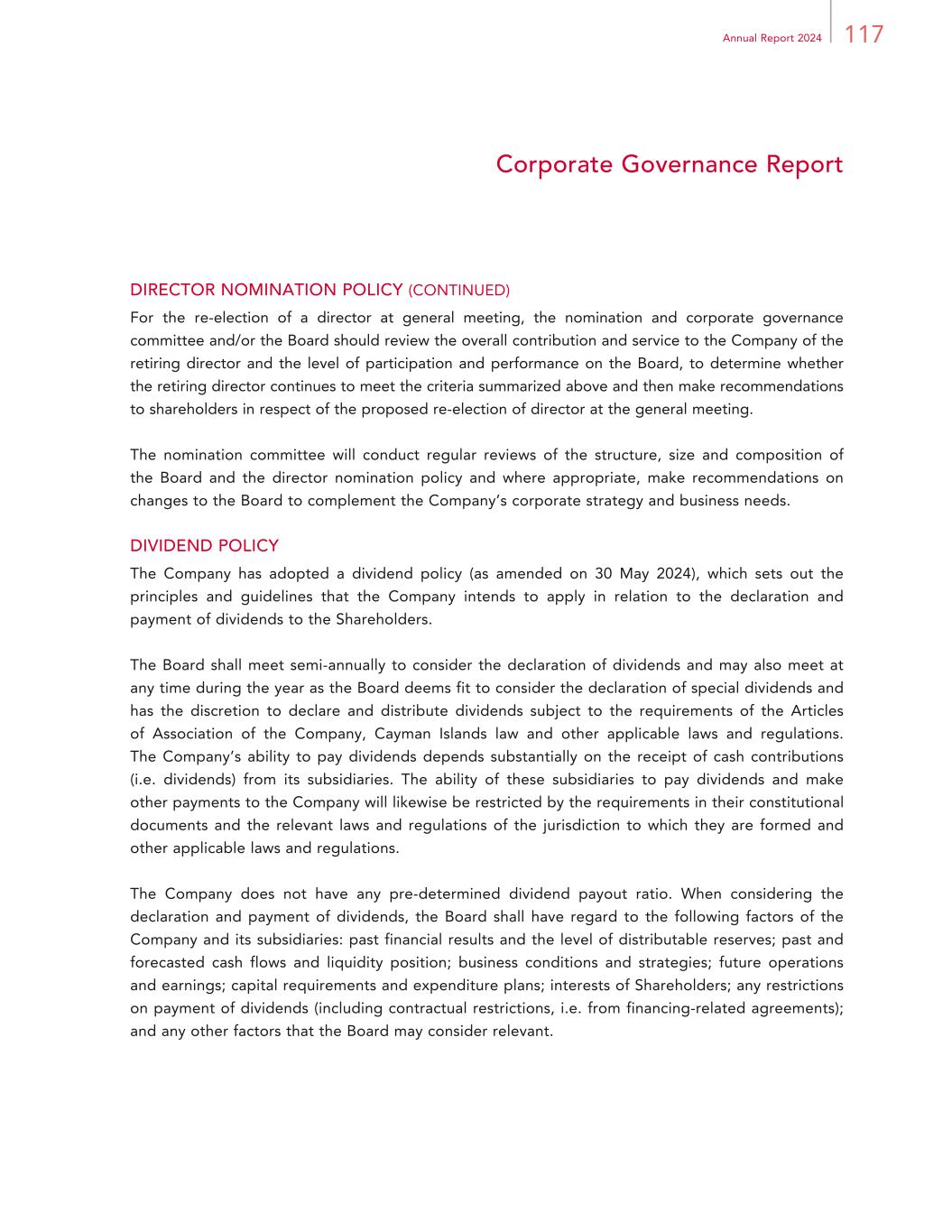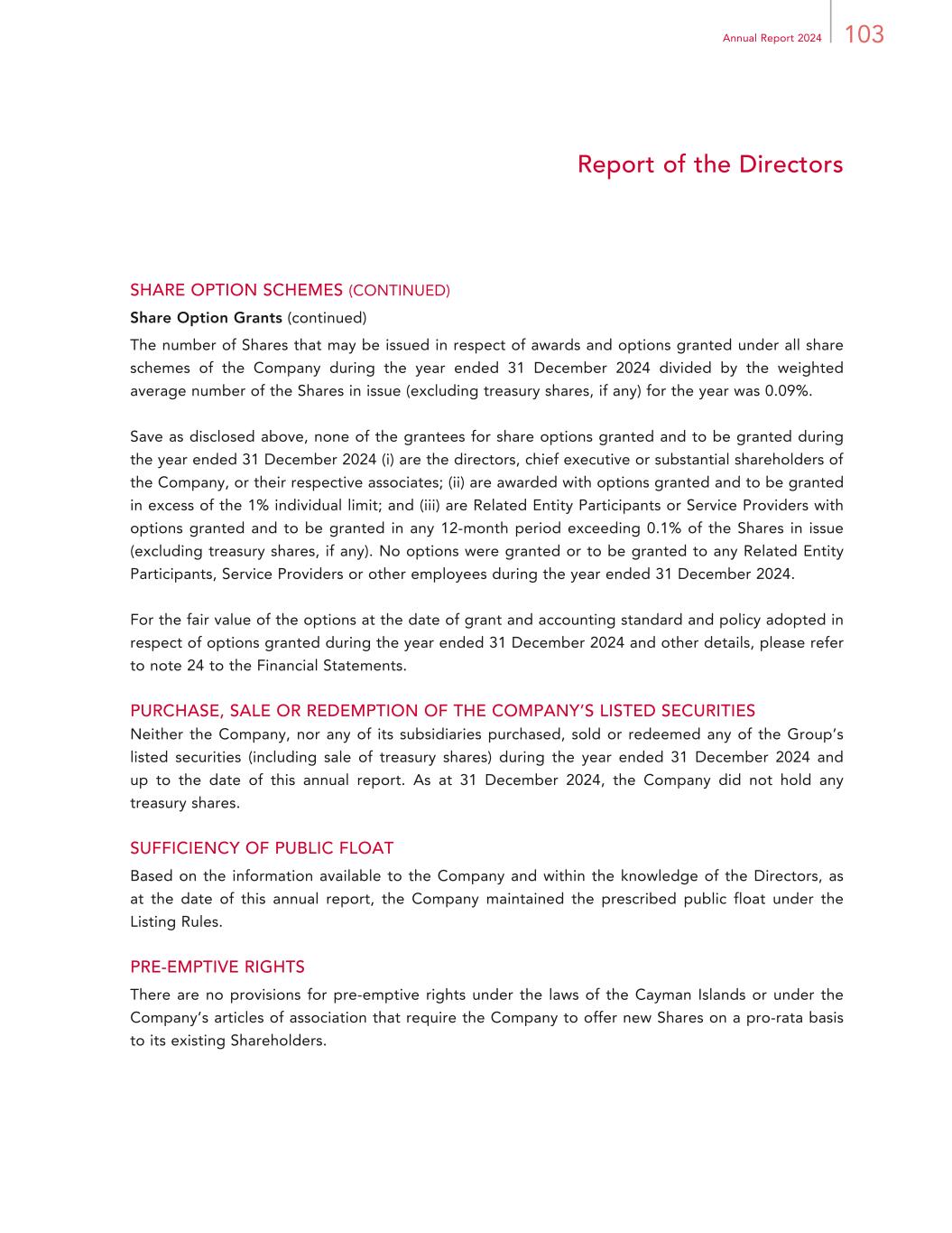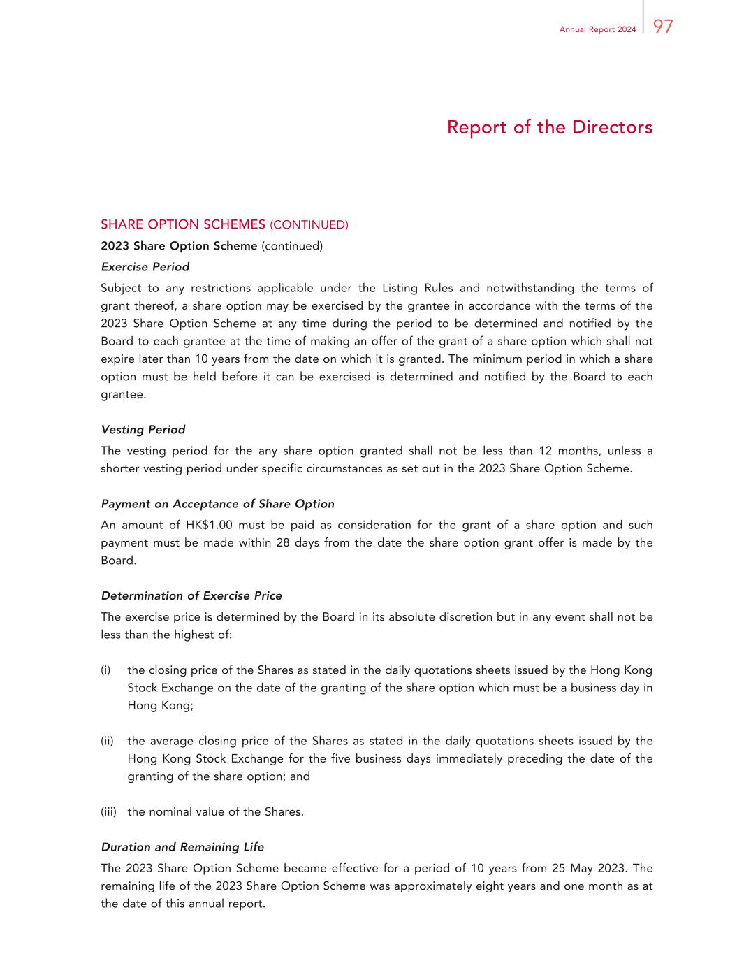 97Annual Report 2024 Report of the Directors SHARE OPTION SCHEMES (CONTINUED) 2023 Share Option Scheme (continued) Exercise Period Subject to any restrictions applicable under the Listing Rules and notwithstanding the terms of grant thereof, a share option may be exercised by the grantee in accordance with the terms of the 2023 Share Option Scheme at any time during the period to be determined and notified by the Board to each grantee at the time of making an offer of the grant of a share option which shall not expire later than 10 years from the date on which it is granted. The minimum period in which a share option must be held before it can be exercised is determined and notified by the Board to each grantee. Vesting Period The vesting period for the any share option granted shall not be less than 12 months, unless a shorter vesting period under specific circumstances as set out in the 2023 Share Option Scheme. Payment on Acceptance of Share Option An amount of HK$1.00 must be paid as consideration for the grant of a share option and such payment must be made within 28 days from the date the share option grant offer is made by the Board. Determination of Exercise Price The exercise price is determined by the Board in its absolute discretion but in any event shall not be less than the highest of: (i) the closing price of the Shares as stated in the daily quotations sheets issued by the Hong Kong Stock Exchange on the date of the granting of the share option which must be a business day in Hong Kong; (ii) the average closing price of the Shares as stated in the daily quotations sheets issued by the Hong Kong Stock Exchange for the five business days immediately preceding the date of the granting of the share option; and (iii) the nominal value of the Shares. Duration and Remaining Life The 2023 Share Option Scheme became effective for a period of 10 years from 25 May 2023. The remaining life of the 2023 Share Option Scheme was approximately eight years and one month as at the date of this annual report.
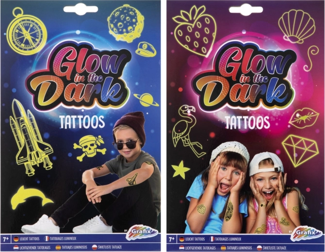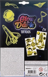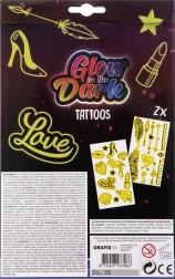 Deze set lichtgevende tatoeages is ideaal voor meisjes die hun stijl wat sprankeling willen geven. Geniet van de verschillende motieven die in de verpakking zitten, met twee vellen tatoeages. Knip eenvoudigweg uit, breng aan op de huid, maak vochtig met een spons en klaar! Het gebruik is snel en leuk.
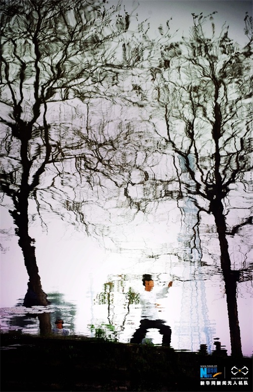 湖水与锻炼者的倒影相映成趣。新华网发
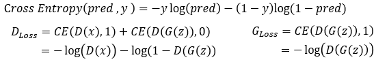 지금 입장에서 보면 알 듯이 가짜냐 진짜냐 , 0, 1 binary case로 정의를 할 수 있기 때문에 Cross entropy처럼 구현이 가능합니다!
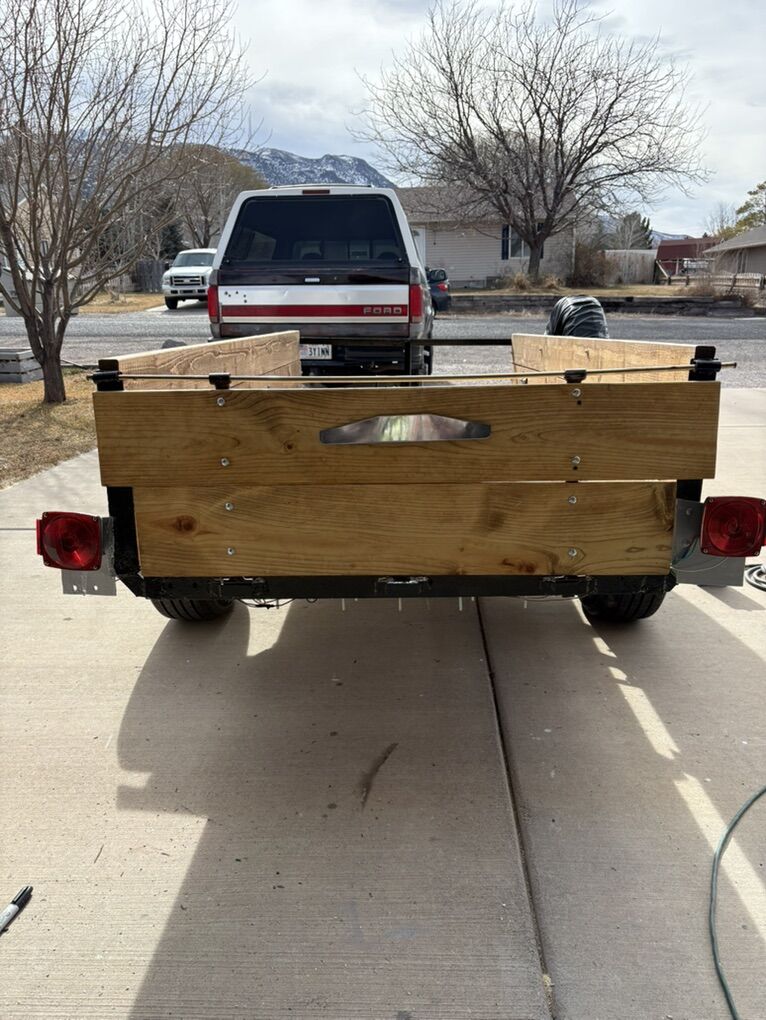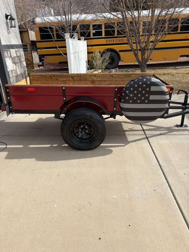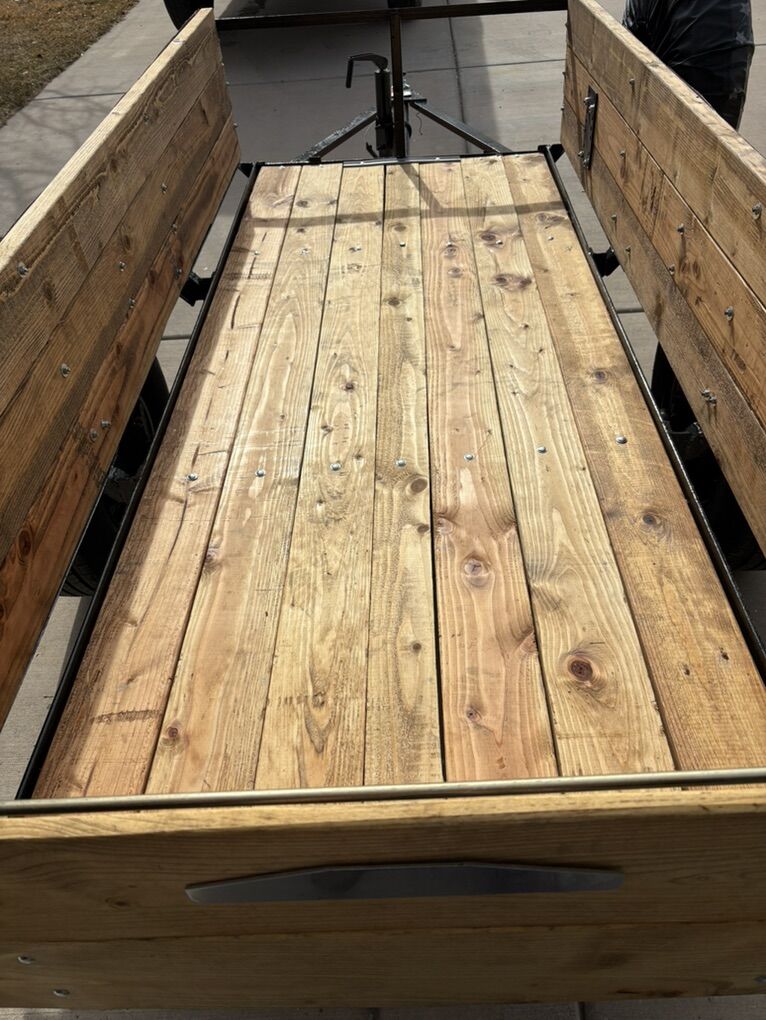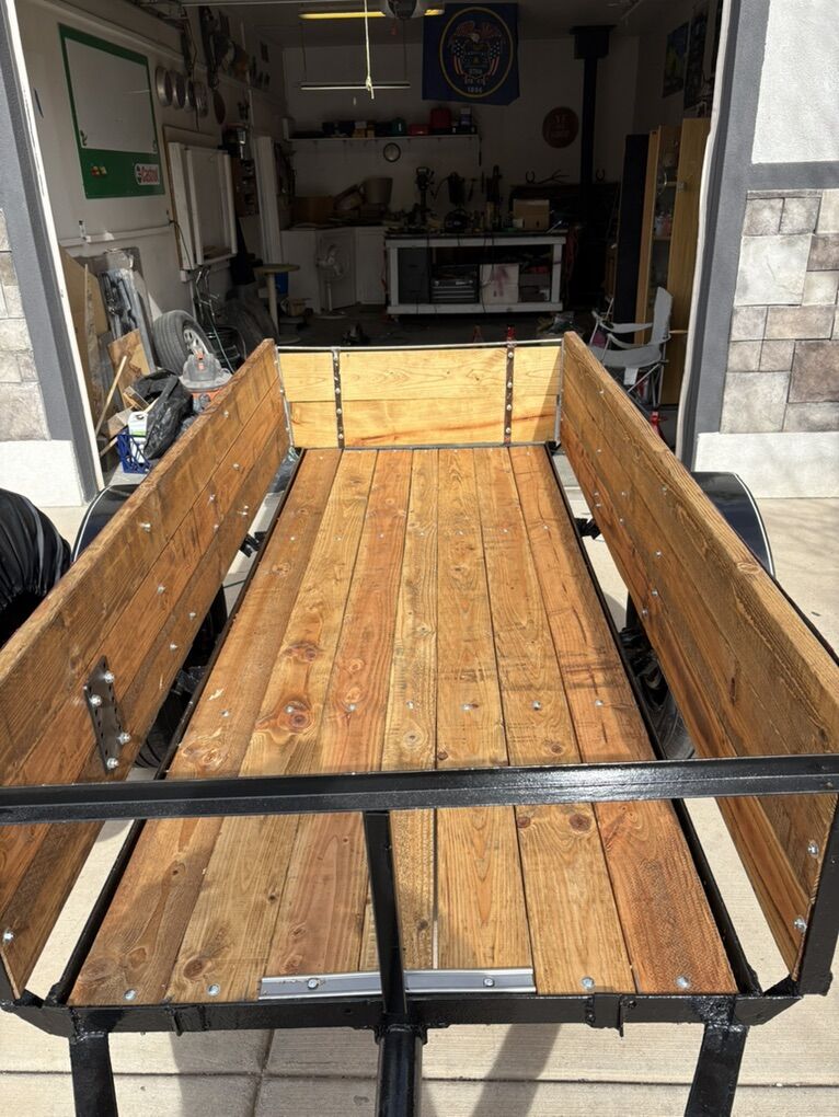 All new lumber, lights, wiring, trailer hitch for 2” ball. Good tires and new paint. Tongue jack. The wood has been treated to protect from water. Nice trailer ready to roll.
◆ ◆ ◆ ◆ ◆
Work required -> Hand back the data above exactly, with no images.

Output of the task ->
 97Annual Report 2024 Report of the Directors SHARE OPTION SCHEMES (CONTINUED) 2023 Share Option Scheme (continued) Exercise Period Subject to any restrictions applicable under the Listing Rules and notwithstanding the terms of grant thereof, a share option may be exercised by the grantee in accordance with the terms of the 2023 Share Option Scheme at any time during the period to be determined and notified by the Board to each grantee at the time of making an offer of the grant of a share option which shall not expire later than 10 years from the date on which it is granted. The minimum period in which a share option must be held before it can be exercised is determined and notified by the Board to each grantee. Vesting Period The vesting period for the any share option granted shall not be less than 12 months, unless a shorter vesting period under specific circumstances as set out in the 2023 Share Option Scheme. Payment on Acceptance of Share Option An amount of HK$1.00 must be paid as consideration for the grant of a share option and such payment must be made within 28 days from the date the share option grant offer is made by the Board. Determination of Exercise Price The exercise price is determined by the Board in its absolute discretion but in any event shall not be less than the highest of: (i) the closing price of the Shares as stated in the daily quotations sheets issued by the Hong Kong Stock Exchange on the date of the granting of the share option which must be a business day in Hong Kong; (ii) the average closing price of the Shares as stated in the daily quotations sheets issued by the Hong Kong Stock Exchange for the five business days immediately preceding the date of the granting of the share option; and (iii) the nominal value of the Shares. Duration and Remaining Life The 2023 Share Option Scheme became effective for a period of 10 years from 25 May 2023. The remaining life of the 2023 Share Option Scheme was approximately eight years and one month as at the date of this annual report.
 Deze set lichtgevende tatoeages is ideaal voor meisjes die hun stijl wat sprankeling willen geven. Geniet van de verschillende motieven die in de verpakking zitten, met twee vellen tatoeages. Knip eenvoudigweg uit, breng aan op de huid, maak vochtig met een spons en klaar! Het gebruik is snel en leuk.
 湖水与锻炼者的倒影相映成趣。新华网发
 지금 입장에서 보면 알 듯이 가짜냐 진짜냐 , 0, 1 binary case로 정의를 할 수 있기 때문에 Cross entropy처럼 구현이 가능합니다!
 All new lumber, lights, wiring, trailer hitch for 2” ball. Good tires and new paint. Tongue jack. The wood has been treated to protect from water. Nice trailer ready to roll.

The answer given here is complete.